Repeat the listing exactly. Do not carry over any pictures.

[[ Material to process open ]]

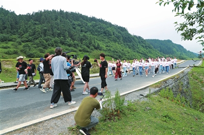 拍攝期間攝制團(tuán)隊(duì)將先后前往仙女山景區(qū)、天生三橋、龍水峽地縫、印象武隆劇場、大田濕地人家等地,從專業(yè)的角度選取能夠反映武隆旅游形象的素材。記者發(fā)現(xiàn),在拍攝取景中,攝制團(tuán)隊(duì)選取了《上武隆》歌詞仙女山、白馬山、天生三橋、芙蓉洞、天坑地縫等武隆特色旅游資源,團(tuán)隊(duì)采風(fēng)過程中所體驗(yàn)到的武隆絕美風(fēng)景,精妙詮釋了歌詞“今生今世為你來,上風(fēng)上水上武隆”的涵義。
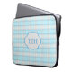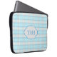 Monogrammed Laptop Sleeve in an aqua & grey plaid pattern. Use the Personalise option to add your initials. Use the Customise option if you need to recenter the text block or want to change the font, font size or colour.
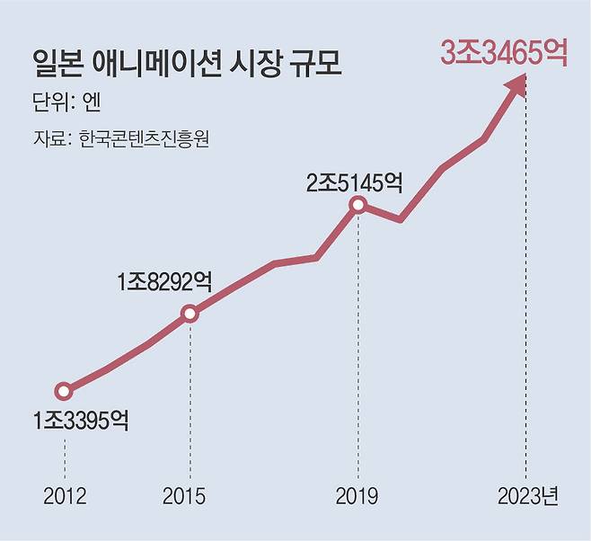 산업 규모도 성장세다. 한국콘텐츠진흥원의 ‘일본 애니메이션 산업 동향’에 따르면 2023년 일본 애니메이션 시장 규모는 3조3465억 엔(약 30조5177억 원)으로 2022년보다 14.3% 증가했다. 특히 주목할 대목은 과거 ‘내수용’이라 평가받던 일본 애니메이션이 이젠 자국 시장(1조6243억 엔)보다 해외 시장(1조7222억 엔) 규모가 더 커졌단 점이다.
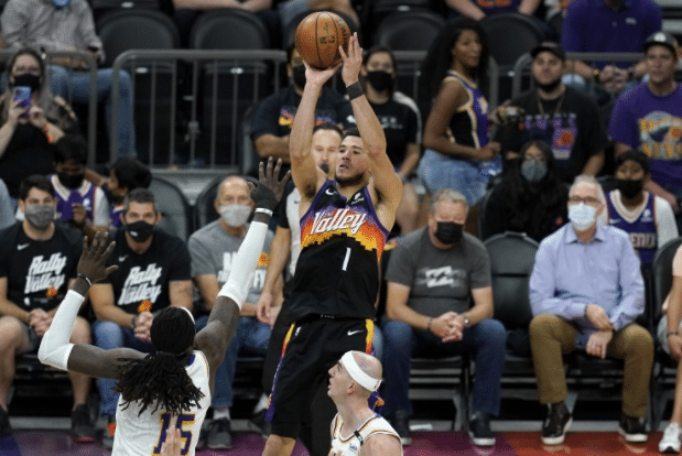 比赛打完的时候,布克16中11得到了33分,詹姆斯得到了14分2盖帽的数据,詹姆斯迎来里程碑,他完成2记盖帽,季后赛职业生涯盖帽数追平名宿穆托姆博排名历史第十位,他的季后赛生涯得分、篮板、助攻、抢断、盖帽(得分第1,篮板第6,助攻第3,抢断第1,盖帽第10)五项数据均排名历史前十,NBA历史上第一个五项数据均排名历史前十的球员。
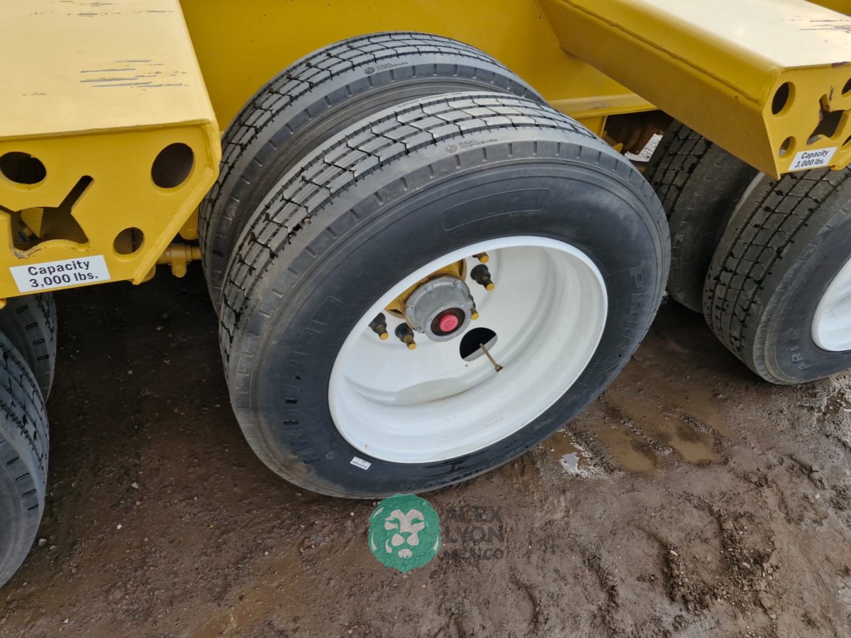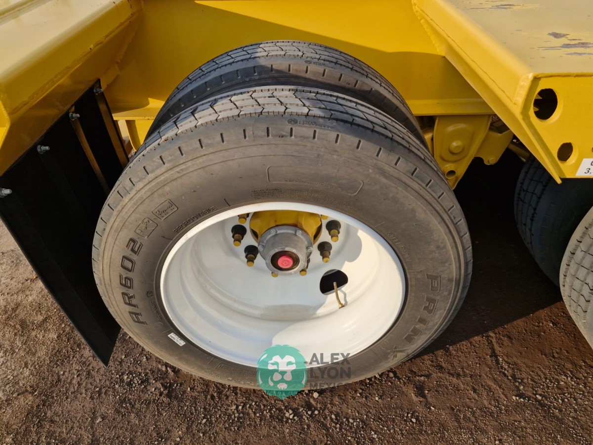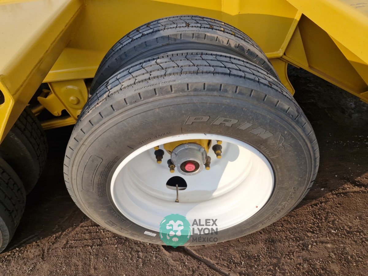 (V) CAP. 52 TON. CUELLO DE GANSO DESMONTABLE, 3 EJES (DOBLE RODADO), 48.6′ DE LARGO X 8.6′ DE ANCHO, EXTENSIONES LATERALES, PREPARACION PARA SISTEMA DE FRENOS ABS, SUSPENSION DE MUELLES, EQUIPO DE LEVANTE HIDRAULICO ACCIONADO C/MOTOR HONDA GX390, CON ENCENDIDO ELECTRONICO, 4 TIEMPOS GASOLINA, LLTS. RADIALES 255/70R22.5.

[[ Material to process closed ]]

● **Your solution**:
 拍攝期間攝制團(tuán)隊(duì)將先后前往仙女山景區(qū)、天生三橋、龍水峽地縫、印象武隆劇場、大田濕地人家等地,從專業(yè)的角度選取能夠反映武隆旅游形象的素材。記者發(fā)現(xiàn),在拍攝取景中,攝制團(tuán)隊(duì)選取了《上武隆》歌詞仙女山、白馬山、天生三橋、芙蓉洞、天坑地縫等武隆特色旅游資源,團(tuán)隊(duì)采風(fēng)過程中所體驗(yàn)到的武隆絕美風(fēng)景,精妙詮釋了歌詞“今生今世為你來,上風(fēng)上水上武隆”的涵義。
 Monogrammed Laptop Sleeve in an aqua & grey plaid pattern. Use the Personalise option to add your initials. Use the Customise option if you need to recenter the text block or want to change the font, font size or colour.
 산업 규모도 성장세다. 한국콘텐츠진흥원의 ‘일본 애니메이션 산업 동향’에 따르면 2023년 일본 애니메이션 시장 규모는 3조3465억 엔(약 30조5177억 원)으로 2022년보다 14.3% 증가했다. 특히 주목할 대목은 과거 ‘내수용’이라 평가받던 일본 애니메이션이 이젠 자국 시장(1조6243억 엔)보다 해외 시장(1조7222억 엔) 규모가 더 커졌단 점이다.
 比赛打完的时候,布克16中11得到了33分,詹姆斯得到了14分2盖帽的数据,詹姆斯迎来里程碑,他完成2记盖帽,季后赛职业生涯盖帽数追平名宿穆托姆博排名历史第十位,他的季后赛生涯得分、篮板、助攻、抢断、盖帽(得分第1,篮板第6,助攻第3,抢断第1,盖帽第10)五项数据均排名历史前十,NBA历史上第一个五项数据均排名历史前十的球员。
 (V) CAP. 52 TON. CUELLO DE GANSO DESMONTABLE, 3 EJES (DOBLE RODADO), 48.6′ DE LARGO X 8.6′ DE ANCHO, EXTENSIONES LATERALES, PREPARACION PARA SISTEMA DE FRENOS ABS, SUSPENSION DE MUELLES, EQUIPO DE LEVANTE HIDRAULICO ACCIONADO C/MOTOR HONDA GX390, CON ENCENDIDO ELECTRONICO, 4 TIEMPOS GASOLINA, LLTS. RADIALES 255/70R22.5.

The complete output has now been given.